CRYSTALLOGRAPHIC FABRICS OF QUARTZ MYLONITES FROM THE RUBY-EAST HUMBOLT CORE COMPLEX, NEVADA


PLUMMER, Lindsey1, MCGREW, Allen J.2, RAHL, Jeffrey M.3 and CROWLEY, Peter D.1, (1)Department of Geology, Amherst College, Amherst, MA 01002, (2)Department of Geology, The University of Dayton, 300 College Park, Dayton, OH 45469-2364, (3)Department of Geology, Washington and Lee University, Lexington, VA 24450, lplummer16@amherst.edu

The Ruby Mountains-East Humboldt Range-Wood Hills metamorphic core complex in northeastern Nevada offers an unusual opportunity to trace the evolution and development of a 1 km thick crustal-scale extensional mylonitic shear zone. An east-to-west transect from the Wood Hills through Clover Hill to the East Humboldt Range exposes progressively deeper structural levels of the mylonitic lower-plate of the Oligocene to earliest Miocene Mary’s River fault system.
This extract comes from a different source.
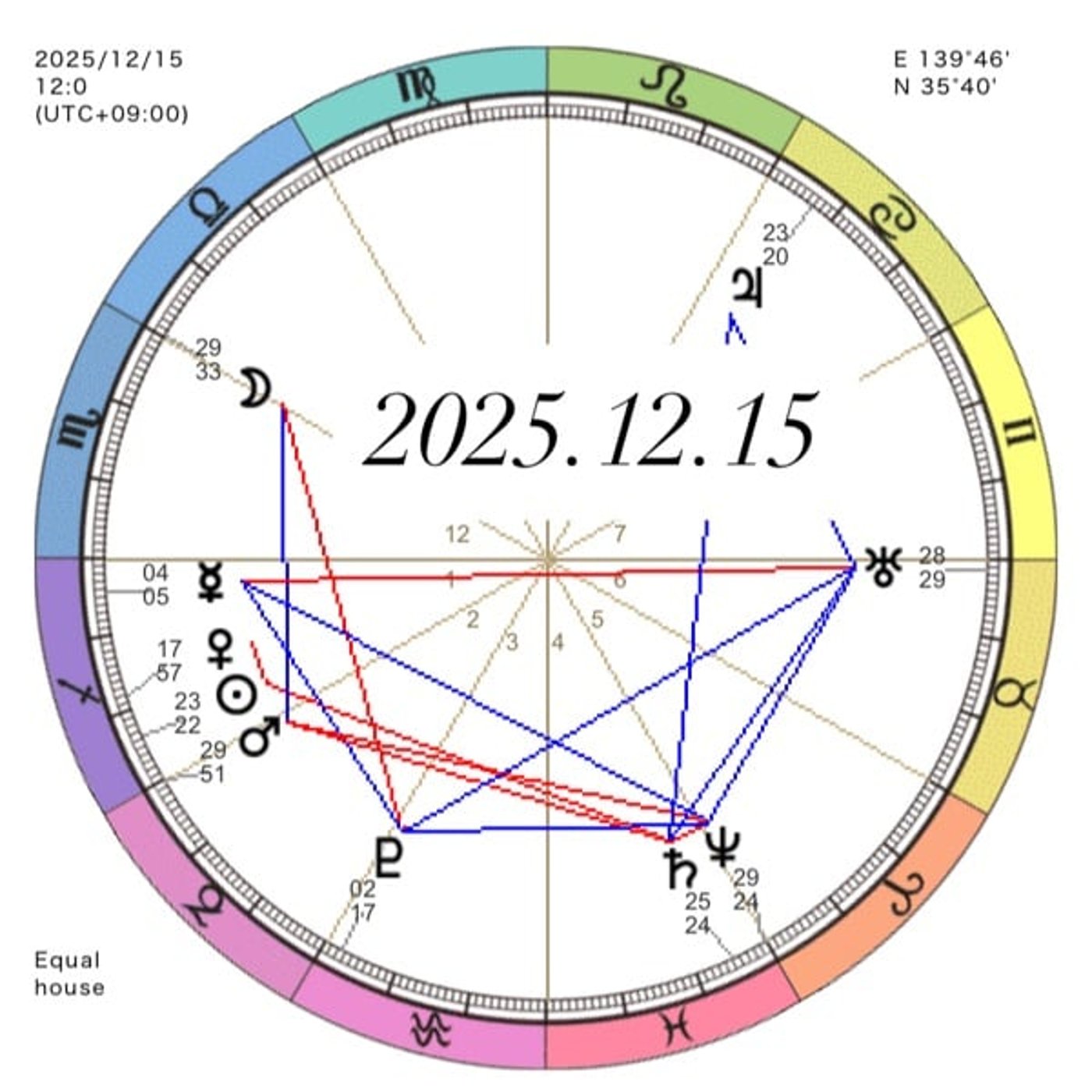 今日は12月の15日、月曜日です。 そしてですね、月は昨日に引き続き、今まだ天秤座にいますが、今日の午後
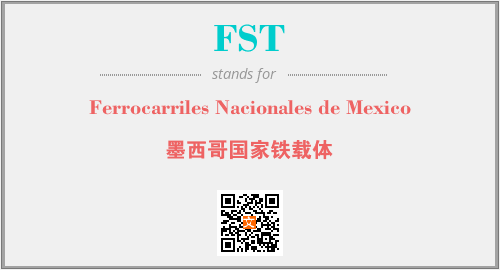 上述内容是“Ferrocarriles Nacionales de Mexico”作为“FST”的缩写,解释为“墨西哥国家铁载体”时的信息,以及英文缩略词FST所代表的英文单词,其对应的中文拼音、详细解释以及在英文中的流行度和相关分类、应用领域及应用示例等。

Quartz deformation mechanisms have been inferred from the crystallographic-preferred orientations (CPOs) determined by electron backscatter diffraction (EBSD) for eight quartz-rich samples from the Mary’s River fault system. All of the samples have strong quartz crystallographic preferred orientations consistent with previously published reports. C-axis maxima range from 5-6 times uniform distribution in granitoid samples to 19-24 times uniform distribution in mylonitic quartzite. Though somewhat weaker, quartz CPOs from the mylonitic orthogneisses are consistent with those from nearby quartzites; they also serve to bracket the age of deformation between the early Oligocene age of the granitoids and earliest Miocene 40Ar/39Ar biotite cooling ages. The nature of the quartz CPOs changes systematically down the dip of the Mary’s River fault system. The structurally highest Wood Hills mylonites have quartz CPOs with c-axes distributed about an asymmetric girdle. This CPO is interpreted to be the result of quartz deformation with a significant contribution by basal <a> slip. Mylonites from structurally lower Clover Hill outcrops have a quartz CPO with quartz c-axes forming an asymmetric girdle centered on Y, a fabric interpreted to have formed by a combination of rhomb <a> and prism <a> slip. Mylonites from the structurally deepest outcrops from the East Humboldt Range have quartz CPOs characterized by c-axis maxima parallel to Y, suggesting deformation dominated by prism <a> slip. This transition from basal <a> to rhomb <a> to prism <a> slip results from deformation at progressively higher temperatures towards the structurally deeper parts of the Mary’s River fault system.